Table 2: Comparisons with multi-image multimodal LLM baselines.

Table 2 reveals an interesting trend. While GPT-4o performs decently on its own (Standard), Doc-React still provides a performance boost, particularly on SlideVQA (54.87 vs 53.58). More importantly, Doc-React is more scalable. Feeding all pages into GPT-4o is expensive and context-heavy. Doc-React selectively finds only the necessary pages.

Does the Retriever Matter?

One might wonder if Doc-React’s success is just because it uses ColPali as its underlying retrieval engine. To test this, the authors ran an ablation study.

Table 3: Ablation study comparing Doc-React with and without ColPali retrieval.

Table 3 shows that even without ColPali (using a weaker retriever), Doc-React achieves an F1 of 37.22 on MMLongBench, which is still significantly higher than the standalone ColPali baseline (32.17). This confirms that the framework—the logic of iterative differentiation and update—is the primary driver of performance, not just the strength of the visual encoder.

Conclusion

Doc-React represents a significant step forward in document intelligence.
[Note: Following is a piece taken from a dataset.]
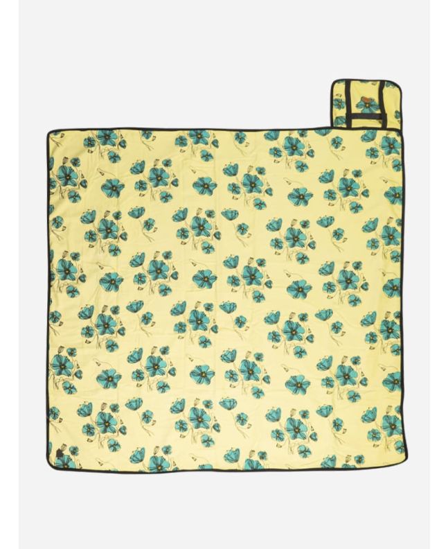 Mantel para picnic impermeable All-In Sweet Mat en color amarillo con estampado floral azul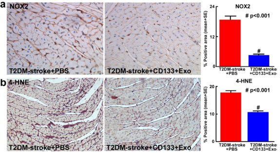 Fig.5 CD133+Exo处理可显著降低T2DM卒中小鼠的心脏氧化应激

It moves away from the “one-shot” retrieval paradigm toward an agentic, iterative approach. By mathematically modeling the question-answering process as an information maximization problem, Doc-React can handle the messy, heterogeneous layouts of real-world documents.

For students and practitioners, the key takeaways are:

  1. Visual Context Matters: Text-only search fails on charts and figures.
  2. Iterative is Better: Hard questions often require intermediate steps (finding “X” to find “Y”).
  3. Feedback Loops: Using an LLM to judge “what is missing” (the residual) is a powerful technique for guiding retrieval.

As multimodal models continue to evolve, frameworks like Doc-React will likely become the standard for processing complex reports, scientific papers, and financial audits where accuracy depends on connecting the dots across pages.